Retype only the lines from the top of the records to the line with "CAN主要由两个协议定义:I", including that line but none of the pictures.

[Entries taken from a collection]
***

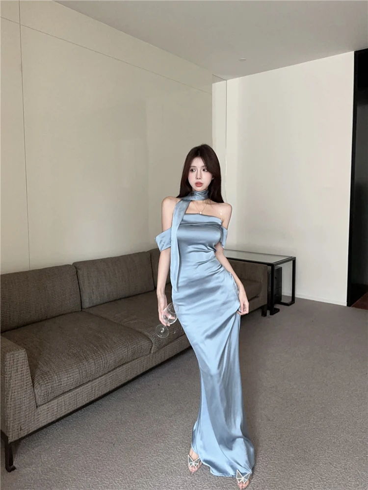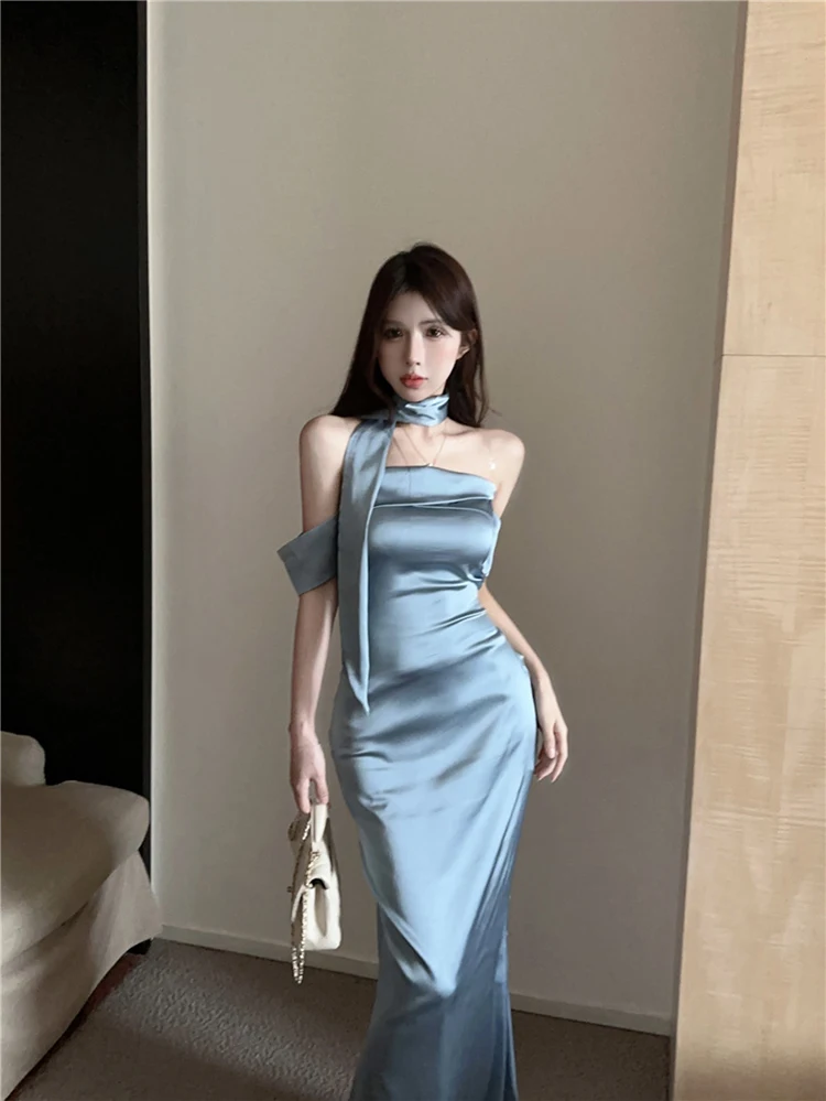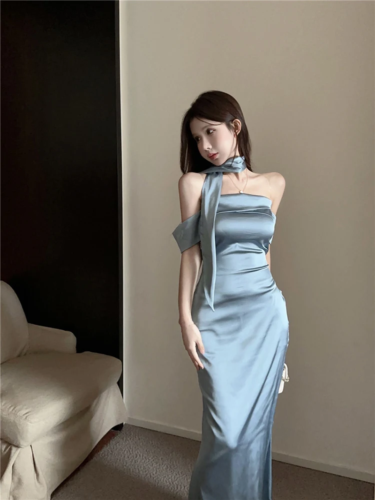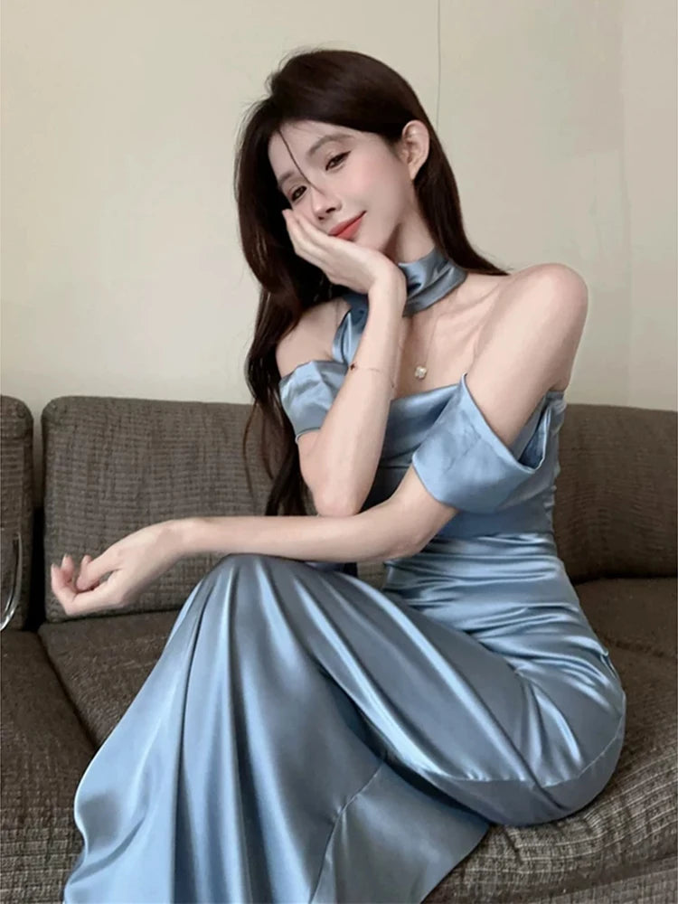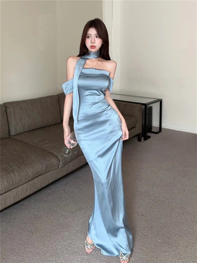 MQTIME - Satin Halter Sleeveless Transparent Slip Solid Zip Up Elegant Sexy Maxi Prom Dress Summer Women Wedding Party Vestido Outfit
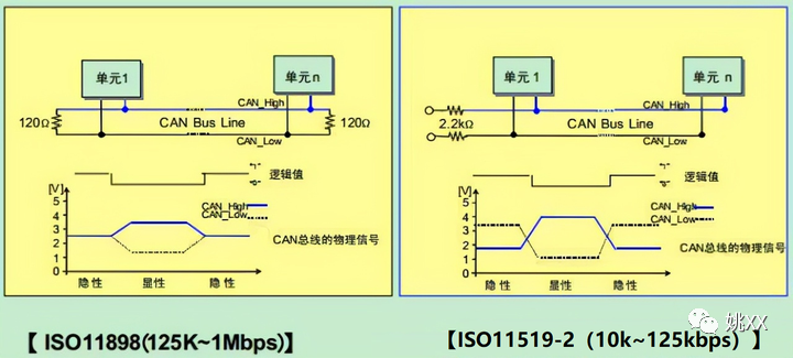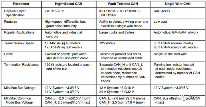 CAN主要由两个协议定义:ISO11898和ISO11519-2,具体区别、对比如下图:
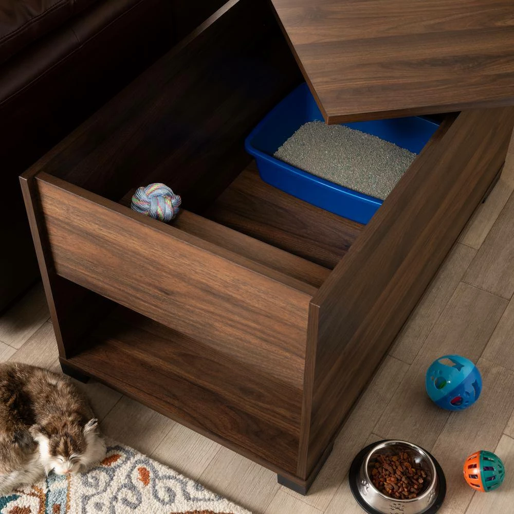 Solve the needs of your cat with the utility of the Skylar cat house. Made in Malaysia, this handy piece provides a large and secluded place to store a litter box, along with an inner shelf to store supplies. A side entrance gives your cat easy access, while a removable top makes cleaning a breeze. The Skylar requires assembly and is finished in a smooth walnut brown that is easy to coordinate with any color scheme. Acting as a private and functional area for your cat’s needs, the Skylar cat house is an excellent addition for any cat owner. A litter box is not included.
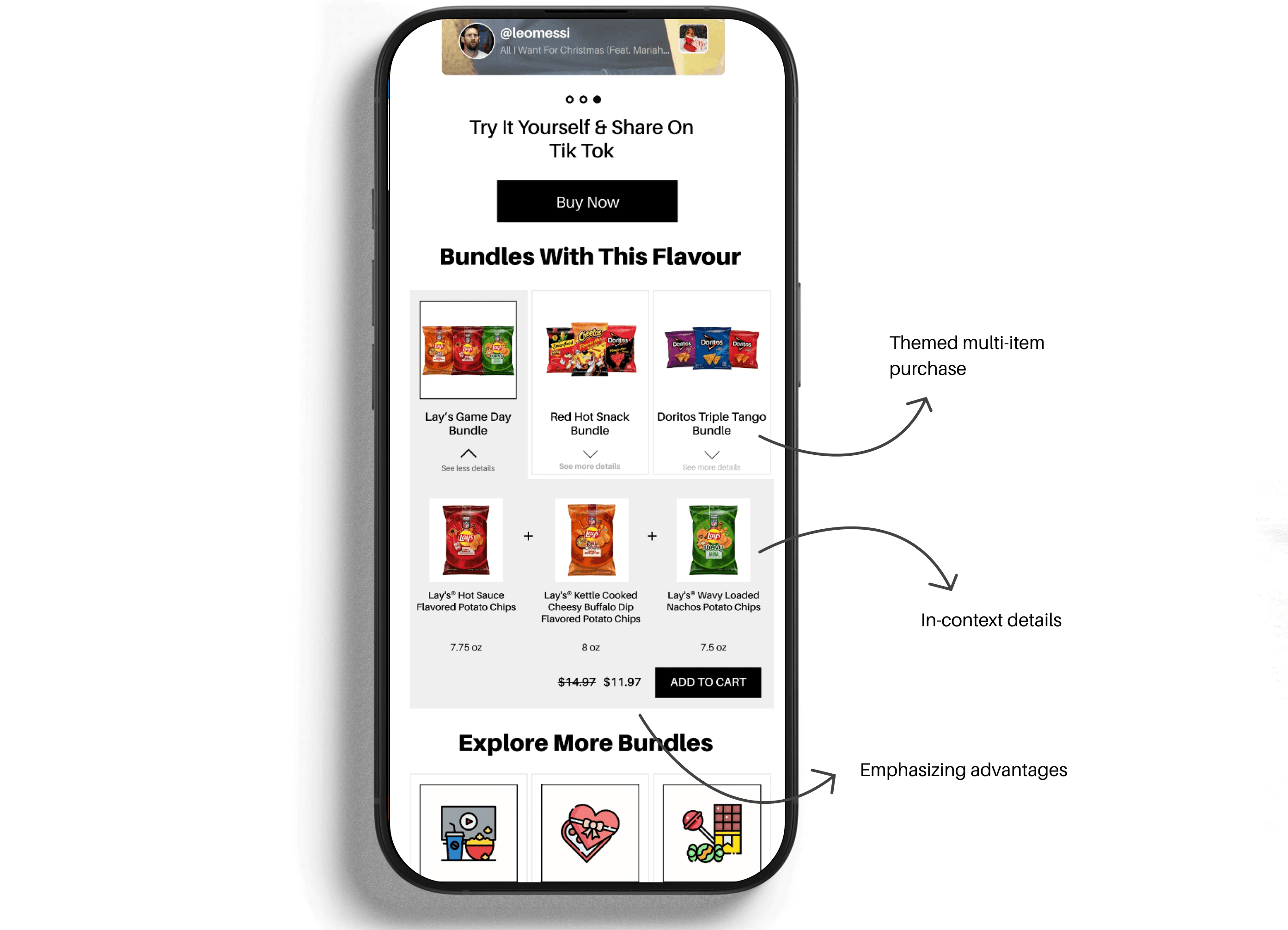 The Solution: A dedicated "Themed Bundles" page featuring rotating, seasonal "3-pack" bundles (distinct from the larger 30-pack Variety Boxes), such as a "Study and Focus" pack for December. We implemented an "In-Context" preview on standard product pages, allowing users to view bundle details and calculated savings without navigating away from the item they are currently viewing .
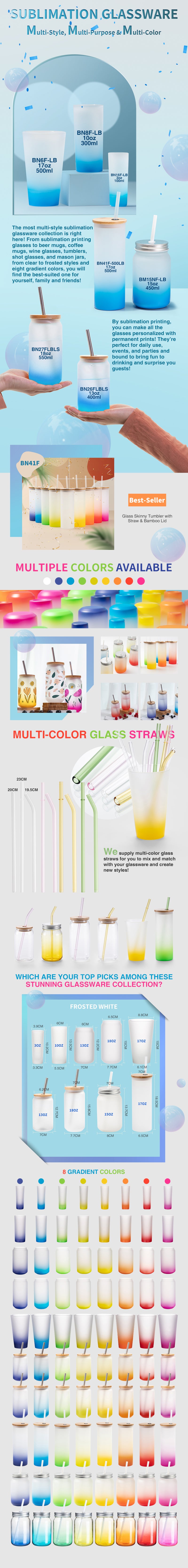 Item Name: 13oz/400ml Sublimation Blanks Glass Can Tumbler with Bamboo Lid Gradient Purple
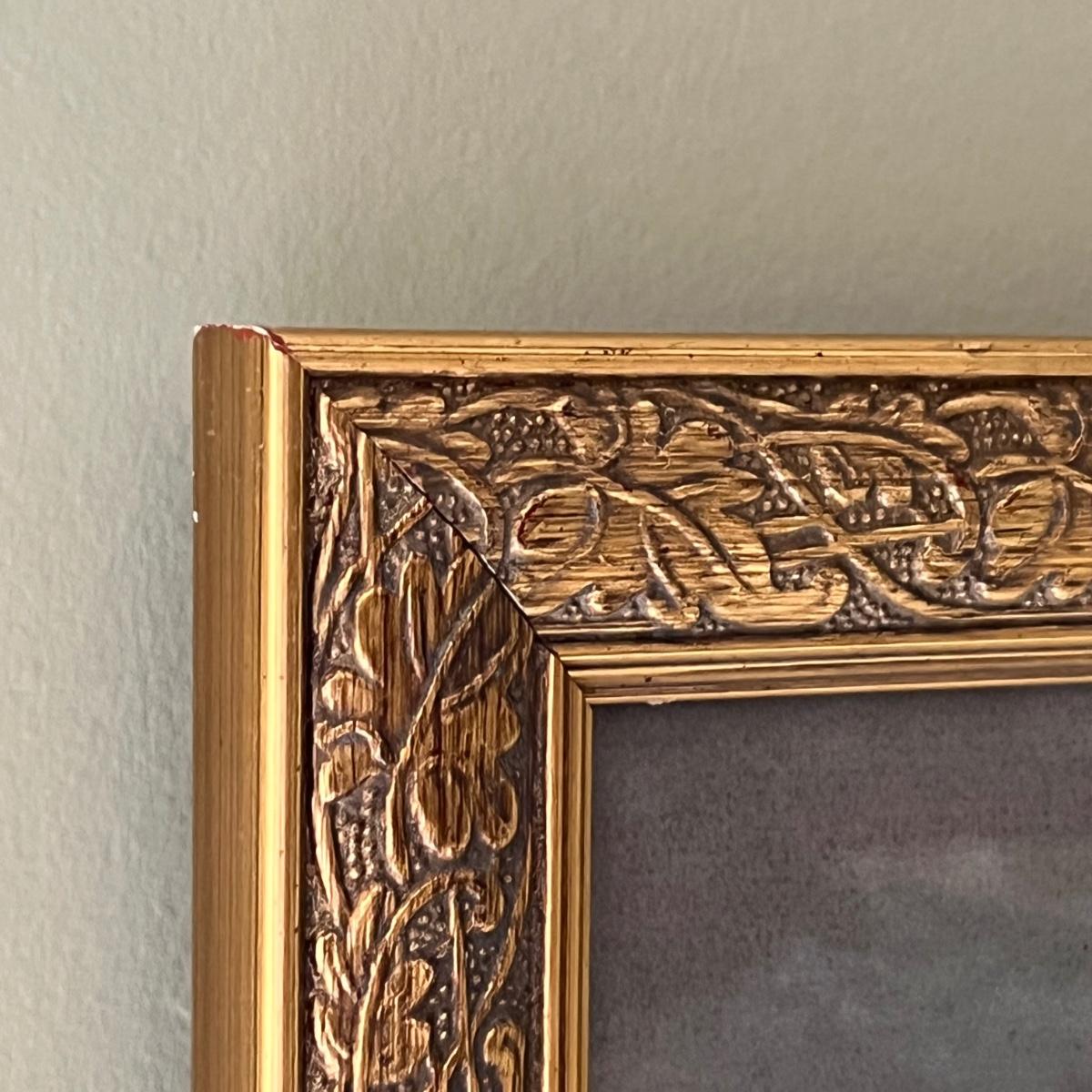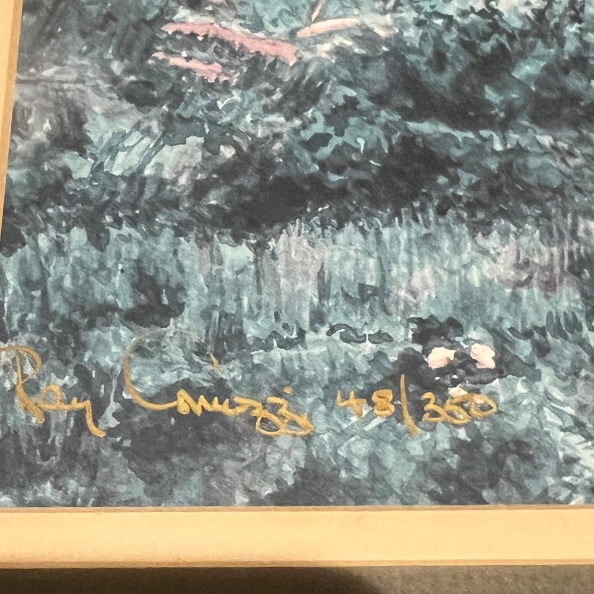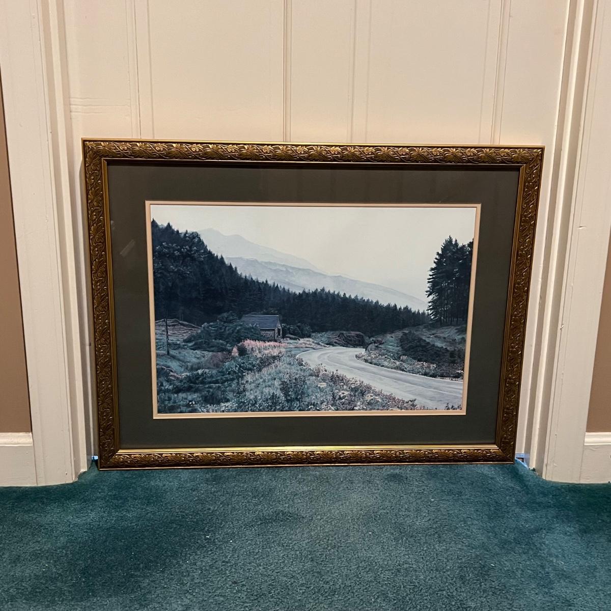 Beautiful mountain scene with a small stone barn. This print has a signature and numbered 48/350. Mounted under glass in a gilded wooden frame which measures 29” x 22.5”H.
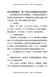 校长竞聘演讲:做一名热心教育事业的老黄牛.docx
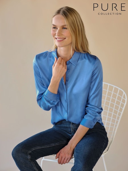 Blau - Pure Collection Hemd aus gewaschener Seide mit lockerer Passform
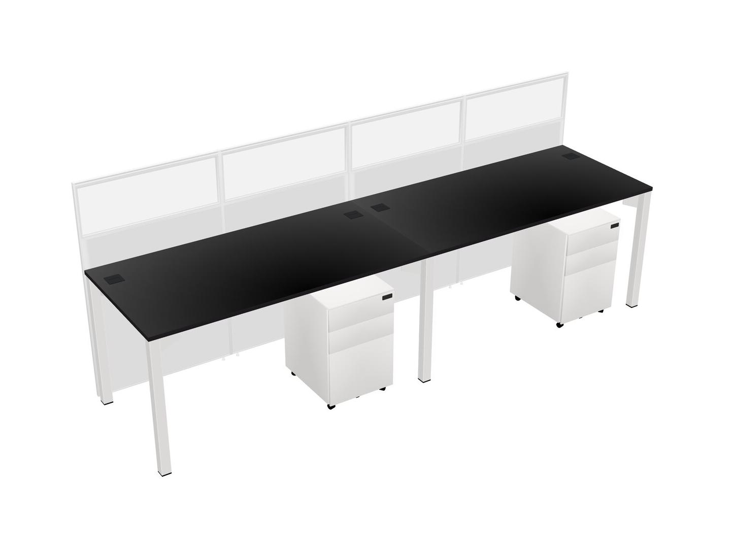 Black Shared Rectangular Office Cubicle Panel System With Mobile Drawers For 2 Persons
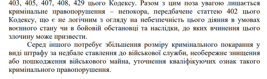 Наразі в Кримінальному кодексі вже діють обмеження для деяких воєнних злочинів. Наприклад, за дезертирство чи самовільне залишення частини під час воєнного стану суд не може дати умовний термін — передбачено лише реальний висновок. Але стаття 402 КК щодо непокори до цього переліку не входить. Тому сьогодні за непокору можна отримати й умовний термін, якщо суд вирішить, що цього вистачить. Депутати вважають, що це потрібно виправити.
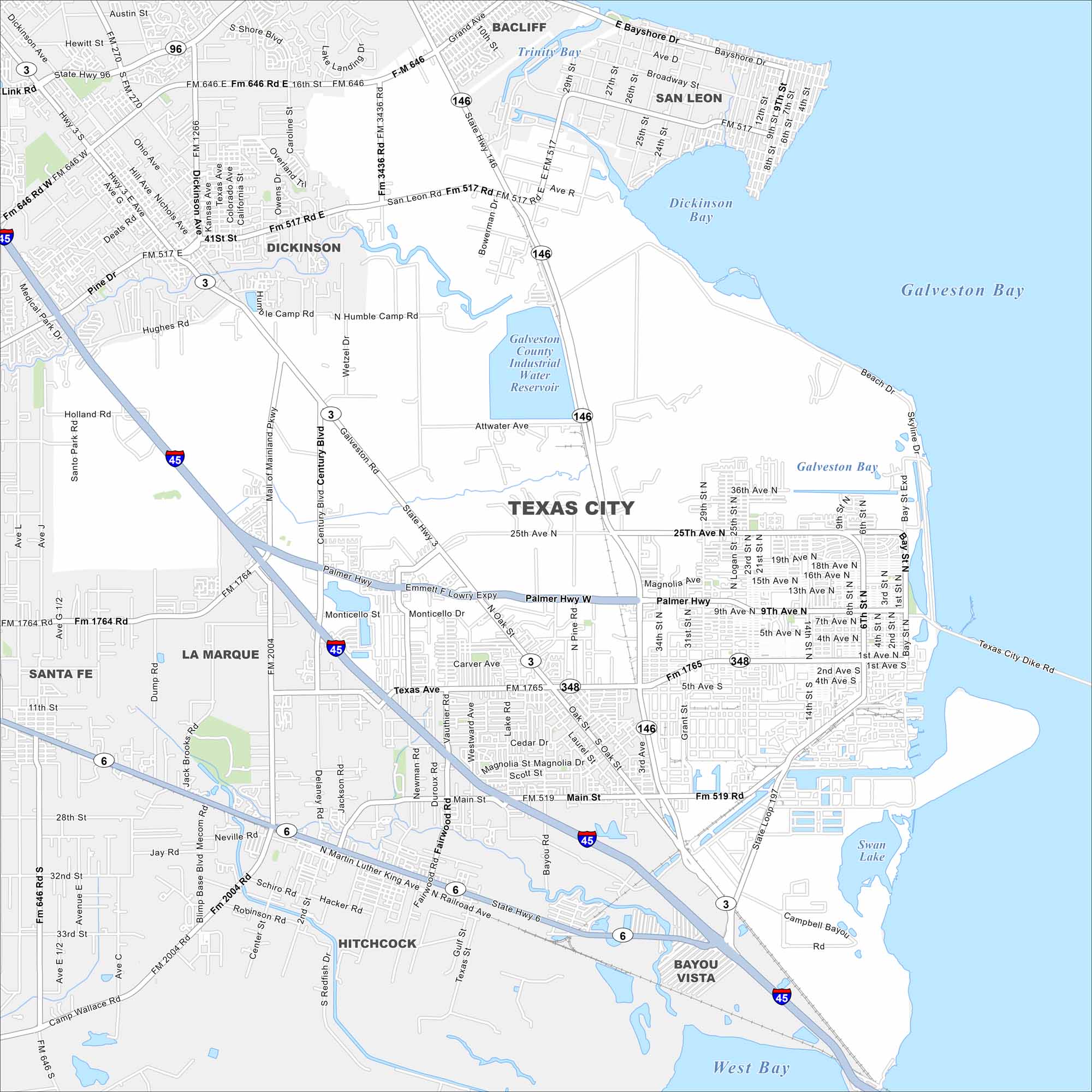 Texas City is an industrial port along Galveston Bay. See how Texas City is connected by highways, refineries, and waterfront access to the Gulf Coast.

***

## RESPONSE BOX
 MQTIME - Satin Halter Sleeveless Transparent Slip Solid Zip Up Elegant Sexy Maxi Prom Dress Summer Women Wedding Party Vestido Outfit
 CAN主要由两个协议定义:ISO11898和ISO11519-2,具体区别、对比如下图:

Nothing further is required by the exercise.